====== MATERIAL TO PROCESS ======

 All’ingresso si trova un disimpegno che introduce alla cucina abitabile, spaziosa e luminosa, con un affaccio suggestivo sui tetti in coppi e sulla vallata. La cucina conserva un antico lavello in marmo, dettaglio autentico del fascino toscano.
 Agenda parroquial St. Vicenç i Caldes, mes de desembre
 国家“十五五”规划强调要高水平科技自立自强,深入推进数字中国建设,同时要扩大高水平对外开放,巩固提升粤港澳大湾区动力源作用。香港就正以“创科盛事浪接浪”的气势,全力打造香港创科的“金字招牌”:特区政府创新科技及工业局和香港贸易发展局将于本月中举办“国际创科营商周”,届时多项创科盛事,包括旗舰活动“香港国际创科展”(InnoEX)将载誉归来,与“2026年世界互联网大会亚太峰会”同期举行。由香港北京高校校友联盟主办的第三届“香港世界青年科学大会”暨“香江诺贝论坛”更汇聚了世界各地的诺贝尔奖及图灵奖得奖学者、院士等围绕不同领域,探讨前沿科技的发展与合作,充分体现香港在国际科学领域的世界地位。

======
====== MATERIAL TO PROCESS ======

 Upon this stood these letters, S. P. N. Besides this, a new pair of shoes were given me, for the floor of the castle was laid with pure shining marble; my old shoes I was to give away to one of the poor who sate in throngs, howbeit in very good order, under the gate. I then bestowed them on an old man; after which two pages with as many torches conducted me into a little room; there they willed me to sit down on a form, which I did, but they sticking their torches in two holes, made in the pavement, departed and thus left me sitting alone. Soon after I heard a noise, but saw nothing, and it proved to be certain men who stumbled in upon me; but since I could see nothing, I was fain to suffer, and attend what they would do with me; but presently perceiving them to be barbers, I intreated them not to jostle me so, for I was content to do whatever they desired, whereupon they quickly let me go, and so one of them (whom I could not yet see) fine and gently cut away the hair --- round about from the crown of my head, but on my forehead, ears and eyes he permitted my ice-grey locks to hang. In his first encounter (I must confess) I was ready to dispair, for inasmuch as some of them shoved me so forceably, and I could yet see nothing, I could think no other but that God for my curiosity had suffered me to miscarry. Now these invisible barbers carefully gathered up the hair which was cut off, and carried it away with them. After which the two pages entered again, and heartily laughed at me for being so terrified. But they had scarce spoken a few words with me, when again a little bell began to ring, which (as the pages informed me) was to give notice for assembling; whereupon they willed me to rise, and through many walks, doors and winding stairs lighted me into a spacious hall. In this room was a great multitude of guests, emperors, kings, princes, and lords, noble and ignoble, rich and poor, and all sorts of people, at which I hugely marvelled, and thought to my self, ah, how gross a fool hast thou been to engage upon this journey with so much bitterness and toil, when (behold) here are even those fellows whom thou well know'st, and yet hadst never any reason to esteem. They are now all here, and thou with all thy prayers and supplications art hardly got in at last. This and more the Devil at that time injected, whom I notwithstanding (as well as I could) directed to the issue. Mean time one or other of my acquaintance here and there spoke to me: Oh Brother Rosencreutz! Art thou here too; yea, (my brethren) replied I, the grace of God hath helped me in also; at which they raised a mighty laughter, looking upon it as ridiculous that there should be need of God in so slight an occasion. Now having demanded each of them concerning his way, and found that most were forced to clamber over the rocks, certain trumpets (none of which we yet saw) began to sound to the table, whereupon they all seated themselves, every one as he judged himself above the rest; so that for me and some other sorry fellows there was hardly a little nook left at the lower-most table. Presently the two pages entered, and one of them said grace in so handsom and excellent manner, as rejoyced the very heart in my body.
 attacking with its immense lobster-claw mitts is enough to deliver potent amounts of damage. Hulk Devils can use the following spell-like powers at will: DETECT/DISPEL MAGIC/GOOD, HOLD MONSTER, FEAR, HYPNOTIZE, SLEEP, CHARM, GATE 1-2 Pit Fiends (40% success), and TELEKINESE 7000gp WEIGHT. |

======

> ABOUT THIS TASK
Look in the material above for the line with "All’ingresso si trova" and the line with "Agenda parroquial St.", and transcribe exactly those lines and all lines between them, nothing more.

> RESULT OF THIS EXERCISE
 All’ingresso si trova un disimpegno che introduce alla cucina abitabile, spaziosa e luminosa, con un affaccio suggestivo sui tetti in coppi e sulla vallata. La cucina conserva un antico lavello in marmo, dettaglio autentico del fascino toscano.
 Agenda parroquial St. Vicenç i Caldes, mes de desembre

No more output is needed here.